You’re not supposed to be able to litigate in secret in the U.S. That’s especially true in a patent case dealing with technology that most internet users rely on every day.

 Unfortunately, that’s exactly what’s happening in a case called Entropic Communications, LLC v. Charter Communications, Inc. The parties have made so much of their dispute secret that it is hard to tell how the patents owned by Entropic might affect the Data Over Cable Service Interface Specifications (DOCSIS) standard, a key technical standard that ensures cable customers can access the internet.

In Entropic, both sides are experienced litigants who should know that this type of sealing is improper. Unfortunately, overbroad secrecy is common in patent litigation, particularly in cases filed in the U.S. District Court for the Eastern District of Texas.

EFF has sought to ensure public access to lawsuits in this district for years. In 2016, EFF intervened in another patent case in this very district, arguing that the heavy sealing by a patent owner called Blue Spike violated the public’s First Amendment and common law rights. A judge ordered the case unsealed.

As Entropic shows, however, parties still believe they can shut down the public’s access to presumptively public legal disputes. This secrecy has to stop. That’s why EFF, represented by the Science, Health & Information Clinic at Columbia Law School, filed a motion today seeking to intervene in the case and unseal a variety of legal briefs and evidence submitted in the case. EFF’s motion argues that the legal issues in the case and their potential implications for the DOCSIS standard are a matter of public concern and asks the district court judge hearing the case to provide greater public access.
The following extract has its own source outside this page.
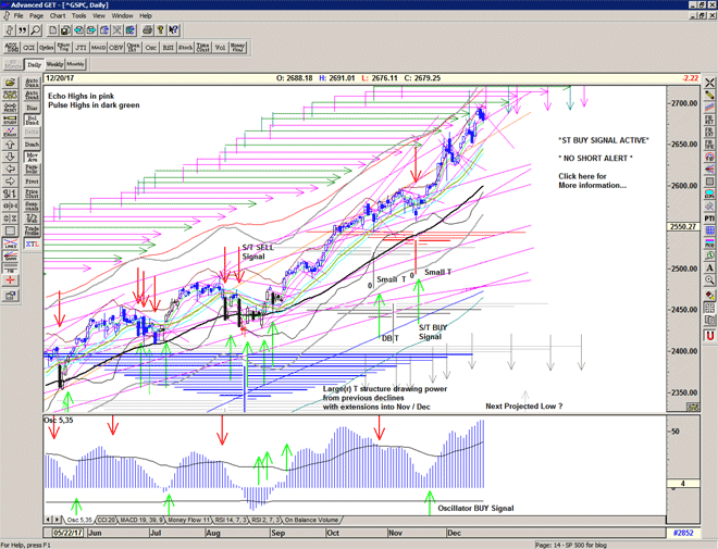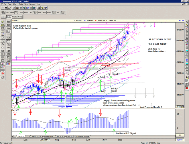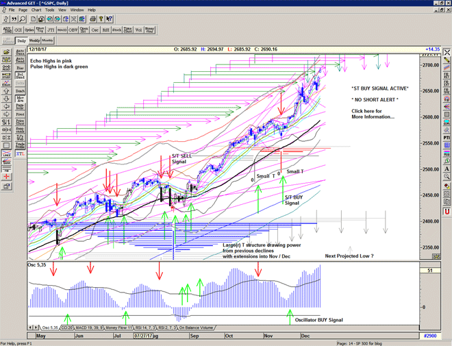 Only price action can help us determine which is correct, and the S/T signalling system is the only method that I have that will keep us on the right side of the market. As long as the market trades above the S/T Buy signal level we are (relatively) safe to continue Buying, if we close below that level we should protect our positions because the market is becoming (more) dangerous.

Protective Orders Cannot Override The Public’s First Amendment Rights

As EFF’s motion describes, the parties appear to have agreed to keep much of their filings secret via what is known as a protective order. These court orders are common in litigation and prevent the parties from disclosing information that they obtain from one another during the fact-gathering phase of a case. Importantly, protective orders set the rules for information exchanged between the parties, not what is filed on a public court docket.

The parties in Entropic, however, are claiming that the protective order permits them to keep secret both legal arguments made in briefs filed with the court as well as evidence submitted with those filings. EFF’s motion argues that this contention is incorrect as a matter of law because the parties cannot use their agreement to abrogate the public’s First Amendment and common law rights to access court records. More generally, relying on protective orders to limit public access is problematic because parties in litigation often have little interest or incentive to make their filings public.
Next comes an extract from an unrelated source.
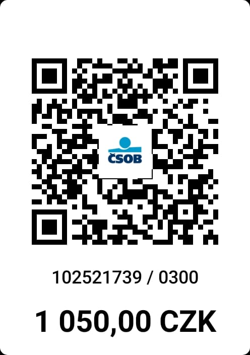 - Po zvolení správné velikosti se zapíšete na OÚ do hromadné objednávky, necháte kontakt na sebe a zaplatíte zálohu 1.050,- Kč (QR kód pro platbu převodem). Cena trika se očekává kolem 1.100,- Kč (konečná cena závisí na množství v celé objednávce, požadovaných grafických úpravách a variantě provedení). Přesnou cenu budeme znát až po objednání.

Unfortunately, parties in patent litigation too often seek to seal a variety of information that should be public. EFF continues to push back on these claims. In addition to our work in Texas, we have also intervened in a California patent case, where we also won an important transparency ruling. The court in that case prevented Uniloc, a company that had filed hundreds of patent lawsuits, from keeping the public in the dark as to its licensing activities.
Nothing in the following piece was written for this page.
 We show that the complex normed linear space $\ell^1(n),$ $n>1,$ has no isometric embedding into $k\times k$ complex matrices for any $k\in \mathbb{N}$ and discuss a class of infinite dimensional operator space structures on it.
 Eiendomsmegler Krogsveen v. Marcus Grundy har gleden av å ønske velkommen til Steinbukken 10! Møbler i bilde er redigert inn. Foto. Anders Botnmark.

That is why part of EFF’s motion asks the court to clarify that parties litigating in the Texas district court cannot rely on a protective order for secrecy and that they must instead seek permission from the court and justify any claim that material should be filed under seal.

On top of clarifying that the parties’ protective orders cannot frustrate the public’s right to access federal court records, we hope the motion in Entropic helps shed light on the claims and defenses at issue in this case, which are themselves a matter of public concern. The DOCSIS standard is used in virtually all cable internet modems around the world, so the claims made by Entropic may have broader consequences for anyone who connects to the internet via a cable modem.

It’s also impossible to tell if Entropic might want to sue more cable modem makers. So far, Entropic has sued five big cable modem vendors—Charter, Cox, Comcast, DISH TV, and DirecTV—in more than a dozen separate cases. EFF is hopeful that the records will shed light on how broadly Entropic believes its patents can reach cable modem technology.

EFF is extremely grateful that Columbia Law School’s Science, Health & Information Clinic could represent us in this case. We especially thank the student attorneys who worked on the filing, including Sean Hong, Gloria Yi, Hiba Ismail, and Stephanie Lim, and the clinic’s director, Christopher Morten.